The inflorescence is 2.5–6 cm long and 1–2.5 cm wide. The flowers are mostly covered by the 1.5–2.2 cm long mostly fused yellow sepals, sometimes the flower's beak and lower lip protruding out of them. The color of the sepals is difficult to see due to a thick covering of white hairs. The associated bracts are typically greenish or yellow-green, but might be a pale, dull purple. Most often the bracts are divided at the midpoint into three lobes, but might have five or none at all. The hidden flowers are 1.8–2.5 cm long with the tube just 3.5–5.5 millimeters and are mostly green.

==Taxonomy==
Castilleja nivea is a species in the genus Castilleja classified within the wider Orobanchaceae family. It was scientifically described in 1950 by Francis W. Pennell and Francis Marion Ownbey. It has no subspecies or botanical synonyms. Pennell collected a specimen of the species on 2 August 1938 on the south side of Rock Creek Valley in the Beartooth Mountains in Montana. In 1946 Ownbey examined specimens collected by Charles Leo Hitchcock and Clarence V. Muhlick and identified it as a new species and contacted Pennell suggesting they write a paper about it, but work on publication was delayed for another four years.

===Names===
Castilleja nivea is known by the common names snow paintbrush and snowy paintbrush. It is also sometimes called snow Indian paintbrush.

==Range and habitat==
Snow paintbrushes grow in a limited area of northwestern Wyoming and nearby Montana. In Wyoming they are recorded in Park County and Hot Springs County, but north of the border it is only found in Carbon County, Montana. Its grows on the mountains in Absaroka Range and the Beartooth Range. As of 1999 there were approximately 20 populations of the species in Wyoming with eight of them in protected wilderness areas.
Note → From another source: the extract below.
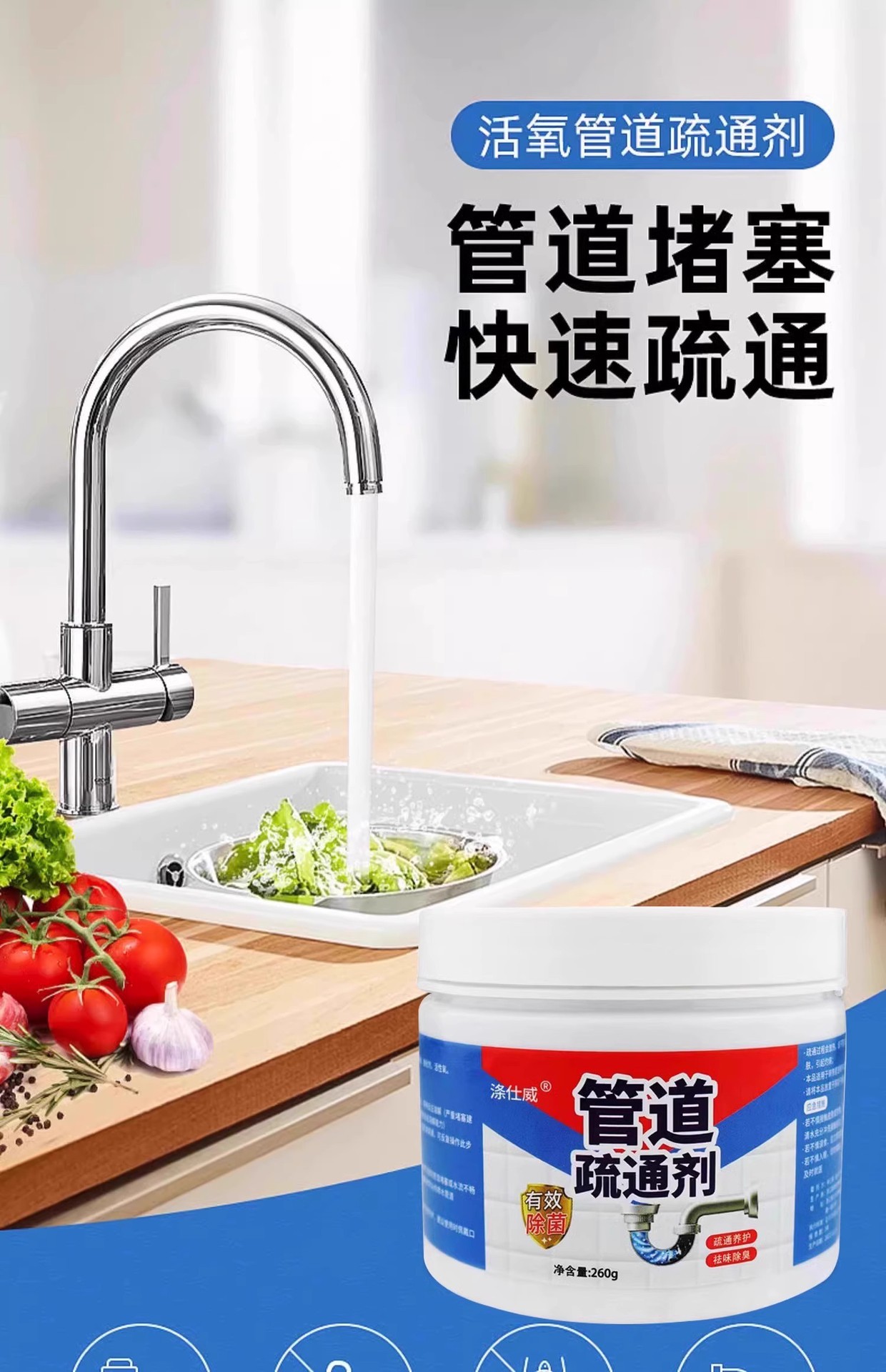 260 г круглой бутылки с драговым средством для труб [высококачественная модель]; 260 г круглой бутылки с дноуглубительным средством для труб [дренажного типа]

The usual habitat for the species are slopes and flats with gravelly soils, fellfields, and grassy areas, mostly above timberline. It can be found at elevations of 1700 to 3600 m. West of Cody, Wyoming on Rattlesnake Mountain snow paintbrushes occasionally grow on limestone cliffs together with other plants that specialize in rocky calcareous habitats such as oneflower kelseya (Kelsey uniflora), Shoshonea (Shoshonea pulvinata), Jones' columbine (Aquilegia jonesii), and scented pussytoes (Antennaria aromatica).